START Dataset section
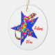 Sidney Salamander à l'allure capricieuse semble aimer se balancer sur cette étoile bleu vif. Fun coloré design de rendu fantaisie sur gardien de l'ornement de Noël pour les enfants et les adultes. Tout le texte peut être personnalisé en modèle fourni. Art original et design par Anura Design Studio.
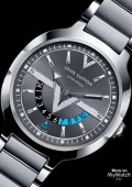 | + More characteristics : | Movement Automatic Movement GMT with disc display 42 hours of power reserve Case steel case with polished and brushed finish Dial Anthracite dial with blue and black GMT disc day and night indicator anthracite V bridge with brushed and polished finish anthracite domed and side curved index with brushed and polished finish Strap / Buckle Steel Stainless steel folding buckle |
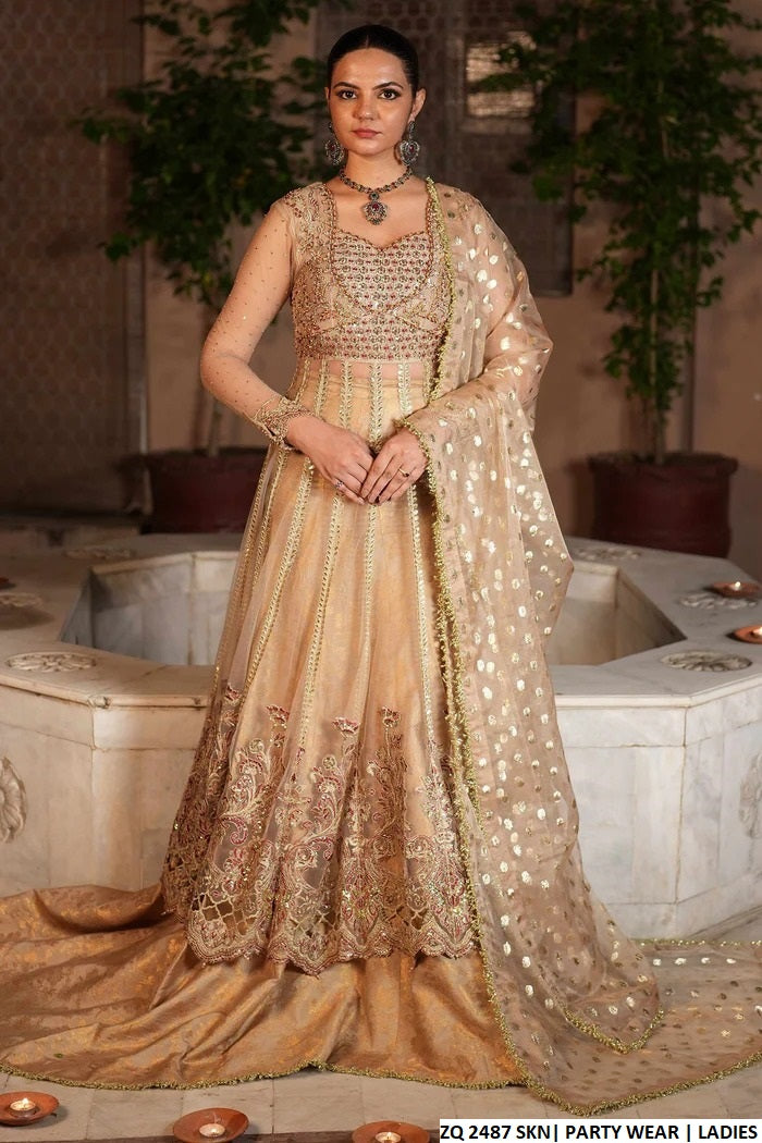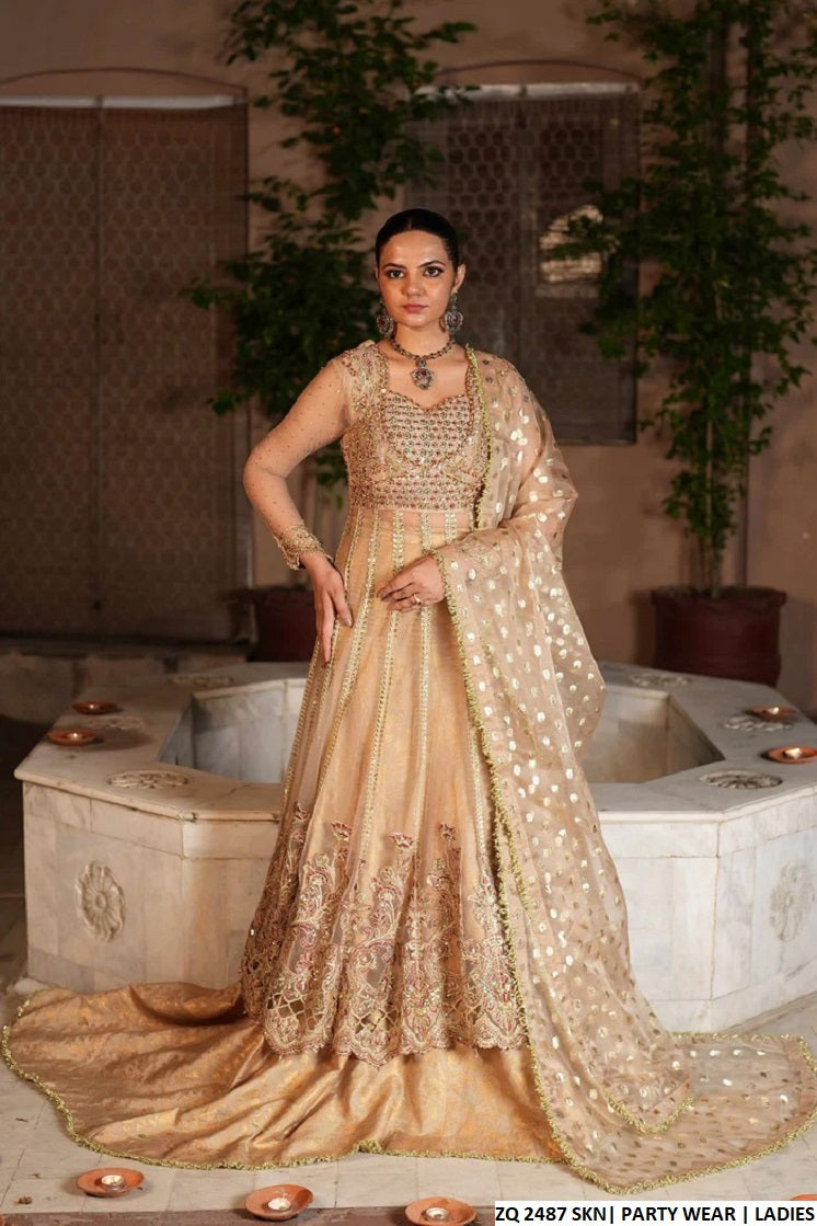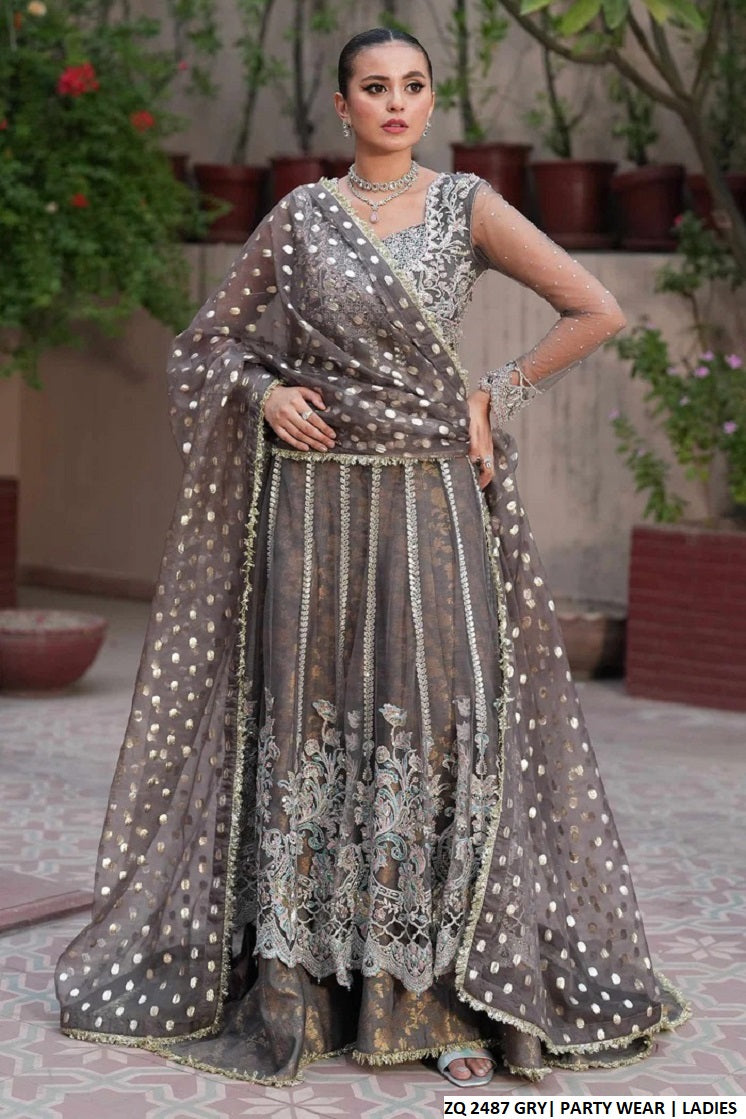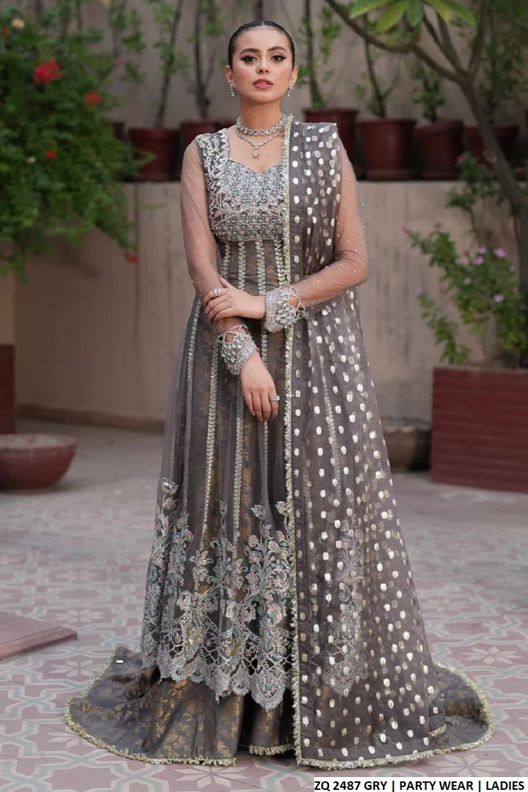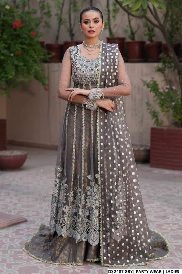 This elegant outfit features a beautifully designed long frock-style shirt made from delicate net fabric. The trousers are crafted from luxurious jamawar, providing a rich texture and finish. Complementing the ensemble is a graceful organza dupatta, adding a touch of sophistication. With a shirt length ranging between 48 to 50 inches and a total weight of 1.450 kg, this outfit is a perfect blend of elegance and comfort, ideal for formal events and special occasions.
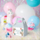 Birthday Party Supplies featuring two illustrated Hedgehogs in party hats, festive balloons, and a birthday cake with glowing candles. Set against a soft blue background with a delicate heart pattern, the design radiates warmth and celebration.
END Dataset section
» **What to produce**
Restate the material word for word, minus pictures.

» **Answer to this task**
 Sidney Salamander à l'allure capricieuse semble aimer se balancer sur cette étoile bleu vif. Fun coloré design de rendu fantaisie sur gardien de l'ornement de Noël pour les enfants et les adultes. Tout le texte peut être personnalisé en modèle fourni. Art original et design par Anura Design Studio.
 | + More characteristics : | Movement Automatic Movement GMT with disc display 42 hours of power reserve Case steel case with polished and brushed finish Dial Anthracite dial with blue and black GMT disc day and night indicator anthracite V bridge with brushed and polished finish anthracite domed and side curved index with brushed and polished finish Strap / Buckle Steel Stainless steel folding buckle |
 This elegant outfit features a beautifully designed long frock-style shirt made from delicate net fabric. The trousers are crafted from luxurious jamawar, providing a rich texture and finish. Complementing the ensemble is a graceful organza dupatta, adding a touch of sophistication. With a shirt length ranging between 48 to 50 inches and a total weight of 1.450 kg, this outfit is a perfect blend of elegance and comfort, ideal for formal events and special occasions.
 Birthday Party Supplies featuring two illustrated Hedgehogs in party hats, festive balloons, and a birthday cake with glowing candles. Set against a soft blue background with a delicate heart pattern, the design radiates warmth and celebration.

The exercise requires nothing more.